How to stop snacking when you go to bed
The average American dieter consumes around 300 extra calories per day, and we know this is where most weight gain occurs. Most of these calories come from snacks and drinks consumed before and after dinner.
What if you could stop snacking when you go to bed? What if you could be satisfied without consuming more calories than you need?
There are many ways to combat cravings when you’re hungry. Some of these tactics include the following:
- Drink water, wait 20 minutes, and try again
- Eat some fruit
- Eat a high-protein snack
- Eliminate caffeine from your diet
- If snacking on foods you love is still too difficult, try a low-calorie food
- If this tactic doesn’t work, eliminate carbs from your diet.
How to prevent eating all night
Have you ever had those late nights where you think to yourself, “Oh man, I’m really hungry. It’s not even 10 pm yet. What am I going to eat?” Then before you know it, it’s 3 am and you are still eating. And then it gets really bad. You get up in the morning feeling like crap and have to eat breakfast so you can get to work.
The next time you find yourself eating past midnight, try one of these tactics:
- Prepare your food ahead of time.
- Start with a small portion of your favorite food (for example, an apple or a small sandwich).
- Drink a cup of tea or coffee
- Go to bed earlier
- Plan your dinner menu ahead of time.
You’ll never go hungry if you eat only what you need, and it will help you cut back on calories.
How to fall asleep faster and sleep longer
Getting enough sleep has been proven to have benefits on many levels. And it’s one of the simplest things you can do to improve your health and well-being.
The National Sleep Foundation estimates that an adult needs between seven and nine hours of sleep per night.
Here are some simple tips that can help you get the most out of your nightly sleep.
- Try not to eat after 7 p.m.
- Try to go to bed and wake up at the same time every day.

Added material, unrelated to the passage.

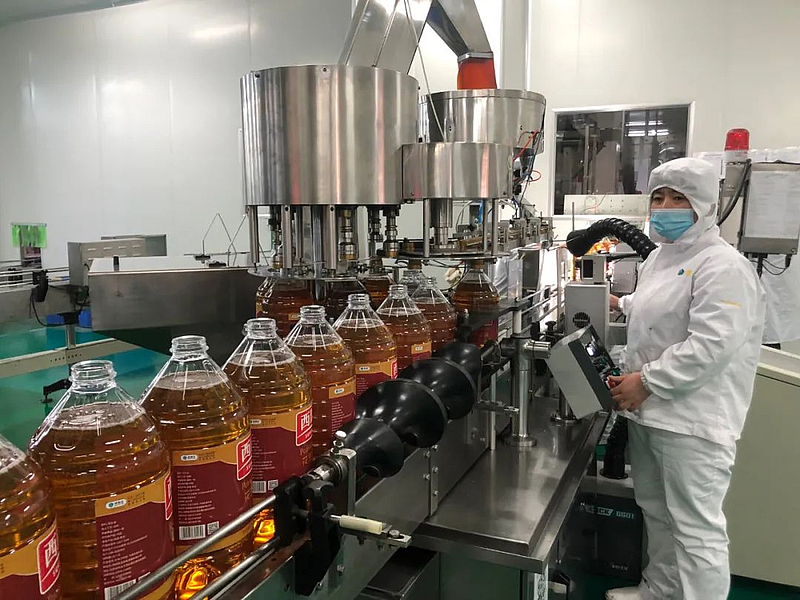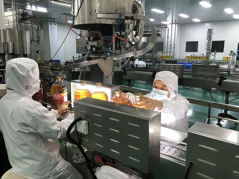 3月13日下午,记者来到陕西杨凌来富油脂有限公司生产车间,车间内一派忙碌景象,工人们正加班加点灌装生产。据了解,来富油脂作为全省重要食用油生产企业,面对当前疫情防控的严峻形势,从3月11号开始对厂区所有人员封闭办公,120多名职工住厂生产,从加工、储运到配送、供应等各环节无缝衔接,保障市场食用油供应不断档、不脱销。 “目前我们每天两条生产线的生产灌装能力达到了1000吨左右,可以满足一个二十万人的县城一个月的使用量。”陕西杨凌来富油脂有限公司党支部书记、总经理吕伟说。

- Use the bathroom before bed.
- Avoid caffeine within three hours of bedtime.
- Don’t keep a TV in your bedroom or use a tablet or smartphone in bed.
- Keep your room cool and dark, but not too cold.
- Get rid of nighttime distractions like the bedside clock, cell phone, computer, etc.
- Practice meditation or yoga before bed.
- Try to get out of bed at least once in the morning.
- Do something fun before bed, whether it’s reading, exercising, calling a friend, or listening to music.
Use the right weight loss supplement
While dieting can be helpful for some, if your goal is to lose weight and maintain that loss, using a weight loss supplement can help you to stay motivated and avoid yo-yoing.
Many of us don’t realize the importance of a weight loss supplement until we’re trying to lose weight. Without it, we’ll likely hit a plateau that will feel impossible to break through without getting discouraged.
Weight loss supplements can help by boosting metabolism, increasing energy, and keeping you from over-indulging. When used with dieting, they can also help to increase the feeling of satiety and prevent you from feeling hungry.
Conclusion
If you aren’t losing weight by using a combination of diet and exercise, consider trying to lose some pounds before bedtime. By using the techniques discussed in this article, you’ll be better prepared to sleep, making it easier to slim down and maintain your new healthy weight.